The next day, their cross-Channel rivals, Food and Wine from France, struck back with a magnificent spread of cheeses, followed by a lavish lunch in the banqueting hall of the Stationers’ Company. The French, needless to say, had remembered to put out some chairs. One reporter asked the head of Food and Wine from France whether his compatriots might ever be tempted to buy British food. And if so, what would they choose? The Frenchman paused for a long time, as if lost in thought. Then, at last, he said: ‘Biscuits?’44
6
You Are Mad and We Hate You
We can live without steel for quite a while. People will not die or starve.
John Hoskyns to Mrs Thatcher, 9 January 1980
The TUC meets in Brighton this week, but for all the effect its speeches will have upon the Government it might as well be in Timbuctoo …
The Government regards them with a coolness little short of contempt. They are not treated as beasts of the jungle any more. Only paper tigers. And there is little they can do about it.
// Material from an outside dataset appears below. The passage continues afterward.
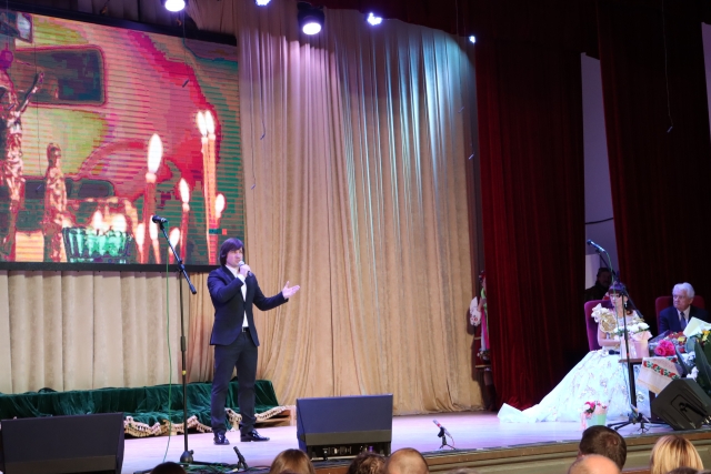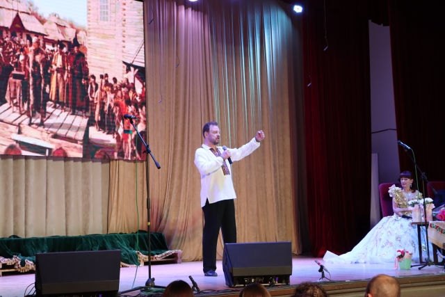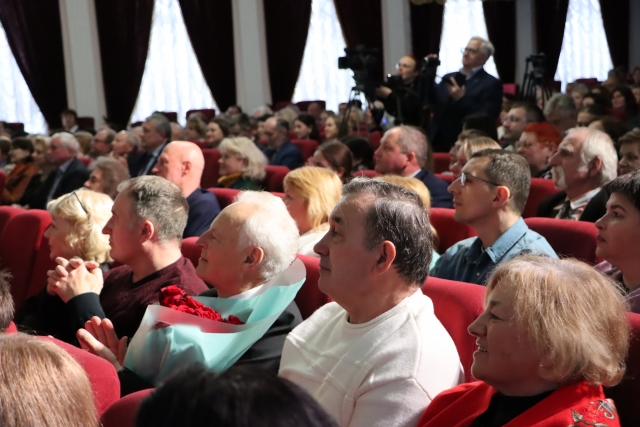 Так пише Вадим Крищенко про кохану жінку. Проникливо… І не менш проникливим було виконання народним артистом України Олександром Василенком романсу «Сьогодні свято в нас». Олександр Миколайович не вперше на нашій сцені, тож під фінал концертної програми виконав і життєстверджуючу « Гей ви, козаченьки…»

Daily Mirror, 1 September 1980
At the beginning of 1979, things were going well for Bob Simpson. He had been married to Morag for ten years, and they had a 4-year-old daughter, Sharon. Like his wife, Bob had been born in Scotland, but after a spell in the shipyards he had moved south to Northamptonshire to find a steadier job. Now he worked as a plater for British Steel, earning more than £100 a shift, while Morag worked as a part-time cleaner. They had lived in the same house since they were married, with a garage and a little garden. After renting from the council, they had bought it in 1973 and every year had made improvements, from new wallpaper to central heating. In the future, Morag hoped, they might put in new carpets and redo the lounge. And every year they had managed a holiday, often at home but sometimes in Spain. This year they had bought a caravan and were planning a trip to France. It was hardly the high life. But it was their life, and they were proud of it.
There was, however, a cloud overhead. Bob and Morag Simpson lived in Corby, a town dominated by the chimneys of the huge British Steel factory. And in the spring of 1979 Corby was in trouble. For years the steel factory had lived in the shadow of the axe, and at Bob’s union branch there were rumours that the management were planning to close the doors. The dole queues were already longer in Corby than in the other towns of the East Midlands, and when Bob thought about the future, a chill ran down his spine. He was perfectly prepared to get on his bike and look for work. But the only jobs in nearby Northampton paid far less than he was getting already, and that was even before the cost of petrol. He had talked to Morag about moving to Australia. But how would they sell their house? Who would buy it? Who on earth would want to move to Corby now?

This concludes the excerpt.